═══ EXTRACTED INFORMATION

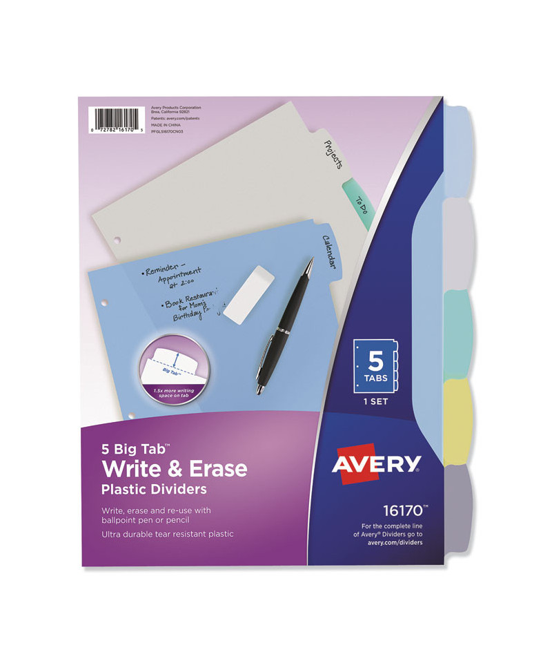 Get your binder organization on the right track with these Durable Plastic Write-On Dividers. The stylish tab design offers plenty of room for you to label each divider for reference at a glance. Stylishly shaped Big Tab™ Dividers are larger, providing 50% more writing space than standard tabs. Using your ballpoint pen or pencil, you can customize your dividers easily. To reuse, simply erase your previous label and write in the new one. Use the Corner Lock™ With Expandable Pocket or slash pockets for storage. Plastic dividers also available in large 11" x 17" and mini size. You'll be on the road to better organization with these dividers.
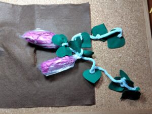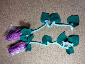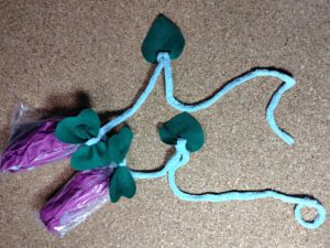 ひもの輪の中にちょうちょ型の緑のフェルトを通し、ひもを絞ります。
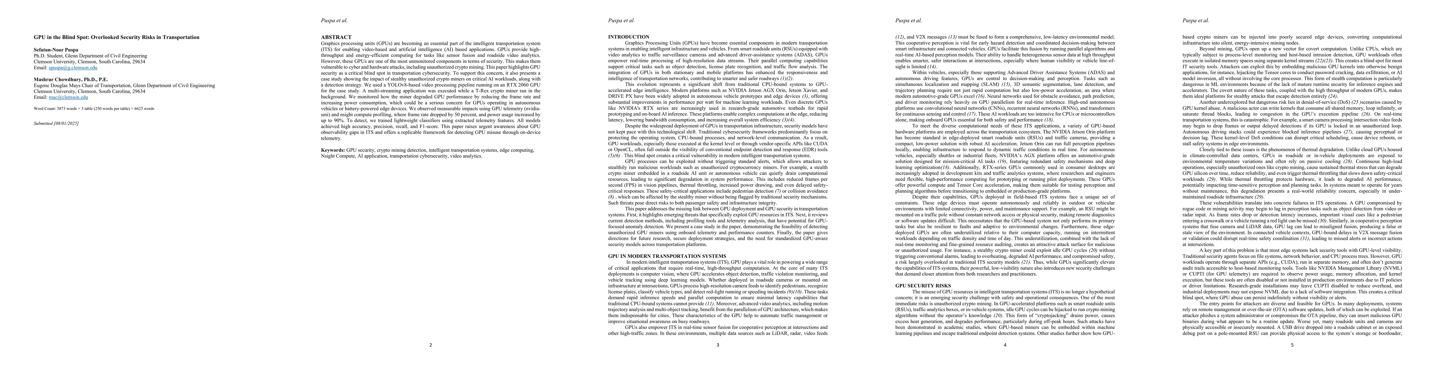 Graphics processing units (GPUs) are becoming an essential part of the intelligent transportation system (ITS) for enabling video-based and artificial intelligence (AI) based applications. GPUs provide high-throughput and energy-efficient computing for tasks like sensor fusion and roadside video analytics. However, these GPUs are one of the most unmonitored components in terms of security. This makes them vulnerable to cyber and hardware attacks, including unauthorized crypto mining. This paper highlights GPU security as a critical blind spot in transportation cybersecurity. To support this concern, it also presents a case study showing the impact of stealthy unauthorized crypto miners on critical AI workloads, along with a detection strategy. We used a YOLOv8-based video processing pipeline running on an RTX 2060 GPU for the case study. A multi-streaming application was executed while a T-Rex crypto miner ran in the background. We monitored how the miner degraded GPU performance by reducing the frame rate and increasing power consumption, which could be a serious concern for GPUs operating in autonomous vehicles or battery-powered edge devices. We observed measurable impacts using GPU telemetry (nvidia-smi) and Nsight Compute profiling, where frame rate dropped by 50 percent, and power usage increased by up to 90%. To detect, we trained lightweight classifiers using extracted telemetry features. All models achieved high accuracy, precision, recall, and F1-score. This paper raises urgent awareness about GPU observability gaps in ITS and offers a replicable framework for detecting GPU misuse through on-device telemetry.
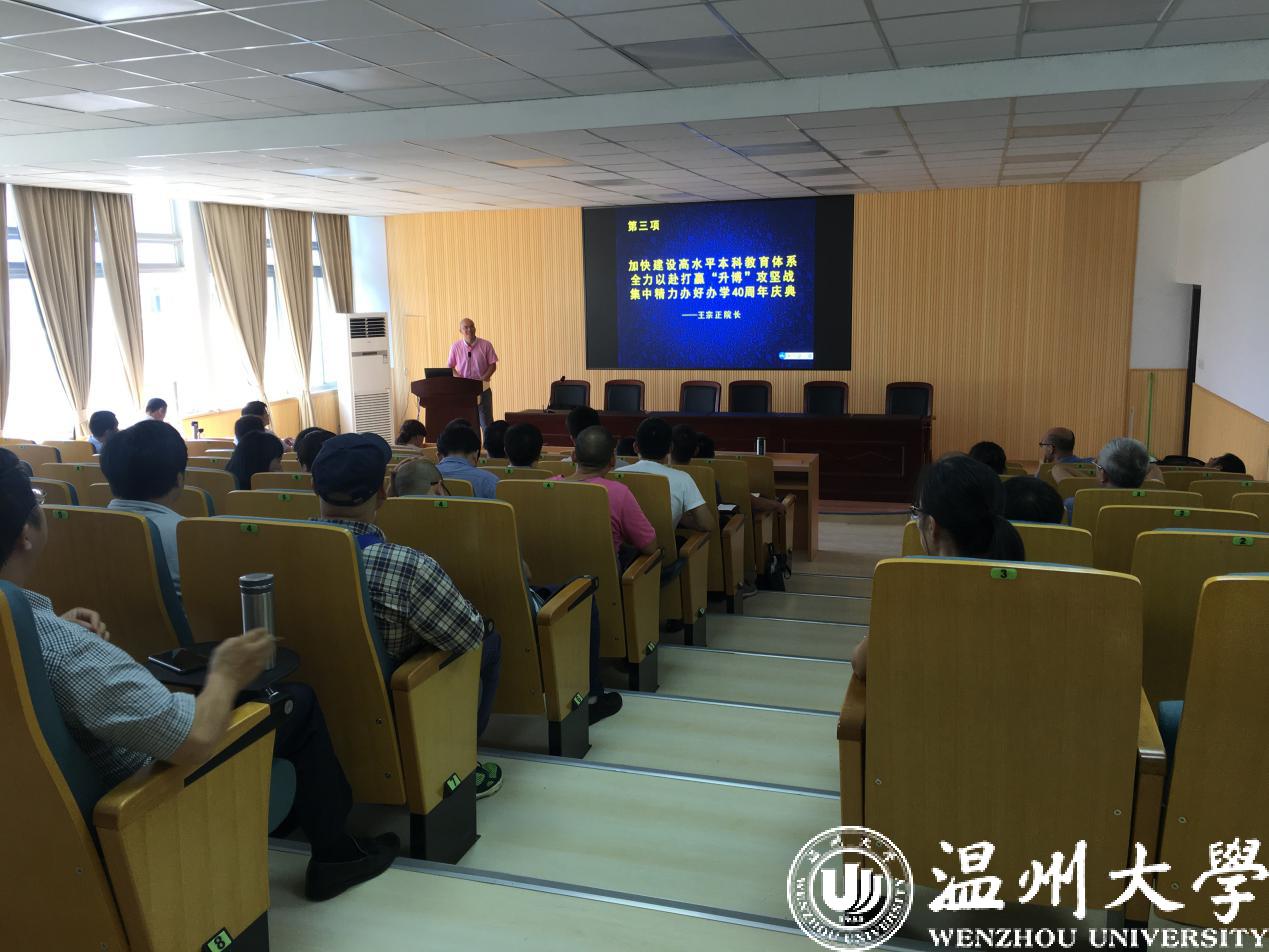 王宗正院长布置了本学期的重点工作:一、要加快建设高水平本科教育体系,充分认识到本科教育存在的不足和问题,坚持教学工作中心地位,及时反思并积极创新;二、全力以赴打赢“升博”攻坚战,要树立信心、坚定决心,客观认识“升博”形势,更新观念、整合优势,落实“升博”目标任务,凝聚力量、形成合力,打赢“升博”攻坚战;三、集中精力办好学院办学40周年庆典。
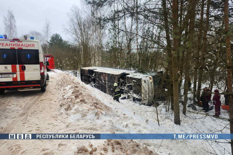 В субботу 14 февраля около 14:20 в Логойском районе 45-летний водитель автобуса DAF на закруглении дороги вправо, по предварительной информации, не справился с управлением. Автобус проехал через встречную полосу, съехал в левый по ходу движения кювет и опрокинулся.
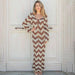Autumn New Lace Up Hollow Sexy Beach Cover Up Dress Women's Stripled Long Sleeve Slim Elegant Knitted Maxi Dress V Neck
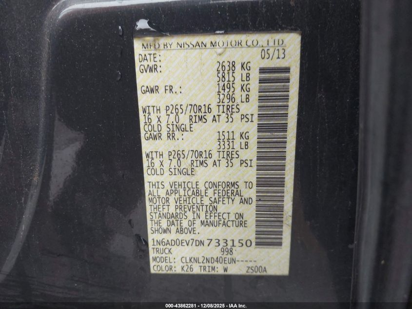 2013 NISSAN FRONTIER 2013 року Бензин, 4.0, Полный привод, vin - 1N6AD0EV7DN733150 из США
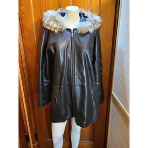 Marvin Richards Black Genuine Leather Coat L Faux Fur Trim Hood
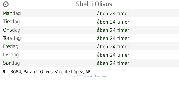 | Tirsdag | åben 24 timer | |||||

══════

DIRECTIONS:
Every line above should be repeated exactly; pictures stay out of the copy.

TASK RESPONSE:
 Get your binder organization on the right track with these Durable Plastic Write-On Dividers. The stylish tab design offers plenty of room for you to label each divider for reference at a glance. Stylishly shaped Big Tab™ Dividers are larger, providing 50% more writing space than standard tabs. Using your ballpoint pen or pencil, you can customize your dividers easily. To reuse, simply erase your previous label and write in the new one. Use the Corner Lock™ With Expandable Pocket or slash pockets for storage. Plastic dividers also available in large 11" x 17" and mini size. You'll be on the road to better organization with these dividers.
 ひもの輪の中にちょうちょ型の緑のフェルトを通し、ひもを絞ります。
 Graphics processing units (GPUs) are becoming an essential part of the intelligent transportation system (ITS) for enabling video-based and artificial intelligence (AI) based applications. GPUs provide high-throughput and energy-efficient computing for tasks like sensor fusion and roadside video analytics. However, these GPUs are one of the most unmonitored components in terms of security. This makes them vulnerable to cyber and hardware attacks, including unauthorized crypto mining. This paper highlights GPU security as a critical blind spot in transportation cybersecurity. To support this concern, it also presents a case study showing the impact of stealthy unauthorized crypto miners on critical AI workloads, along with a detection strategy. We used a YOLOv8-based video processing pipeline running on an RTX 2060 GPU for the case study. A multi-streaming application was executed while a T-Rex crypto miner ran in the background. We monitored how the miner degraded GPU performance by reducing the frame rate and increasing power consumption, which could be a serious concern for GPUs operating in autonomous vehicles or battery-powered edge devices. We observed measurable impacts using GPU telemetry (nvidia-smi) and Nsight Compute profiling, where frame rate dropped by 50 percent, and power usage increased by up to 90%. To detect, we trained lightweight classifiers using extracted telemetry features. All models achieved high accuracy, precision, recall, and F1-score. This paper raises urgent awareness about GPU observability gaps in ITS and offers a replicable framework for detecting GPU misuse through on-device telemetry.
 王宗正院长布置了本学期的重点工作:一、要加快建设高水平本科教育体系,充分认识到本科教育存在的不足和问题,坚持教学工作中心地位,及时反思并积极创新;二、全力以赴打赢“升博”攻坚战,要树立信心、坚定决心,客观认识“升博”形势,更新观念、整合优势,落实“升博”目标任务,凝聚力量、形成合力,打赢“升博”攻坚战;三、集中精力办好学院办学40周年庆典。
 В субботу 14 февраля около 14:20 в Логойском районе 45-летний водитель автобуса DAF на закруглении дороги вправо, по предварительной информации, не справился с управлением. Автобус проехал через встречную полосу, съехал в левый по ходу движения кювет и опрокинулся.
Autumn New Lace Up Hollow Sexy Beach Cover Up Dress Women's Stripled Long Sleeve Slim Elegant Knitted Maxi Dress V Neck
 2013 NISSAN FRONTIER 2013 року Бензин, 4.0, Полный привод, vin - 1N6AD0EV7DN733150 из США
 Marvin Richards Black Genuine Leather Coat L Faux Fur Trim Hood
 | Tirsdag | åben 24 timer | |||||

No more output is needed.